А ведь верно, думаю, а не пошли бы вы все со своими софизмами, я-то знаю кто меня ждет, а у него отпуск кончается, дни считает... Не могу я больше в тюрьме!
- Что писать? - спрашиваю.
У него глаза блеснули.
- Пишите. Обязуюсь во время отбытия наказания в виде ссылки не нарушать закона... Написали?

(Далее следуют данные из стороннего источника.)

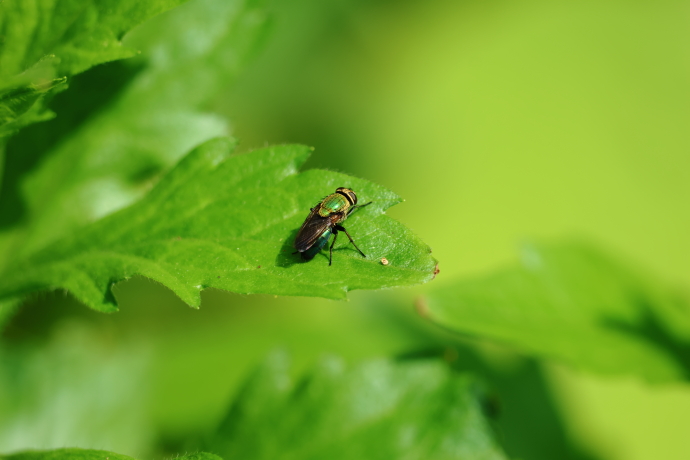 以前は「ミドリバエ」と呼ばれていました。分類が変わり、名称も変更されました。胸背部には黒い剛毛がありますが、金属光沢のある黄緑色で、名前の由来となっています。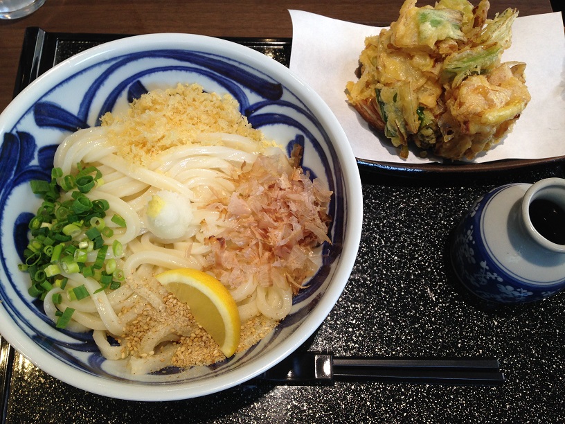 出てきたうどんは、ただのうどんでなく、ゴマや大根おろし、レモンなどが添えてあって上品な感じでした。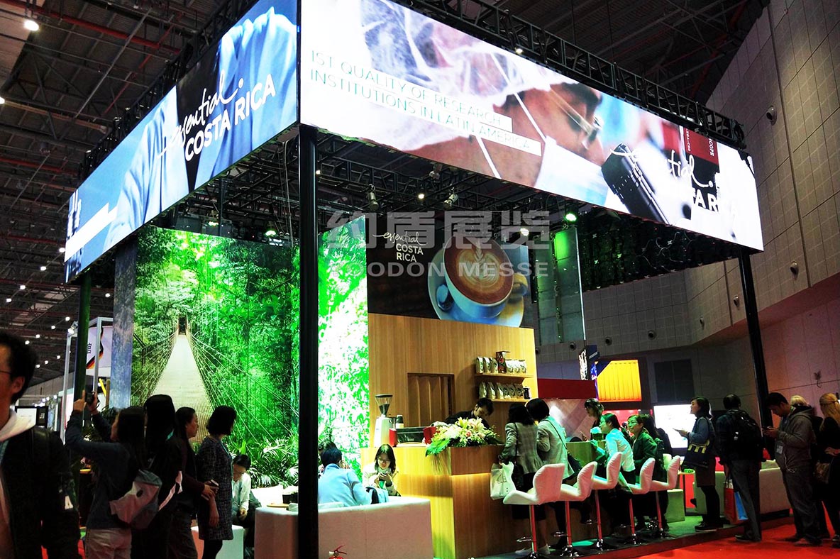 展臺的頂部我們選用了高清的P2.5 LED 屏幕,循環播放哥斯達黎加的自然風情.全LED展示也是近來上海展會設計的一個潮流和風尚.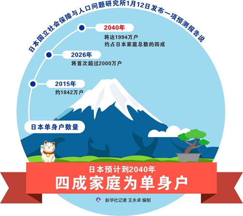 新華社東京1月13日電(記者華義)日本國(guó)立社會(huì)保障與人口問題研究所12日發(fā)布一項(xiàng)預(yù)測(cè)報(bào)告說,到2040年日本單身戶將占日本家庭總數(shù)的約四成。日本老齡化和獨(dú)居現(xiàn)象日益加劇。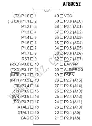 XTALl、XTAL2(19~18脚):时钟电路引脚。当使用内部时钟时,这两个引脚端外接石英晶体和微调电容。当使用外部时钟时,用于外接外部时钟源。

Подпись и число.
Он тянет у меня из рук бумагу, читает, складывает, что-то отрезает от нее и прячет в стол.
- Вот и хорошо, - и голос другой, веселый...
Вот когда я испугался по-настоящему - когда услышал его веселый голос: первый раз меня так употребили, за десять минут сделал из меня дурака, вся моя тюрьма, двенадцать месяцев следствия, восемь пересылок - все ухнуло в... Да что б он со мной сделал - у меня, и верно, по приговору день этапа идет за три, а в тюрьме держать меня не положено...
- Возьмите сигареты, - говорит, - я знаю, у вас и в камере нет...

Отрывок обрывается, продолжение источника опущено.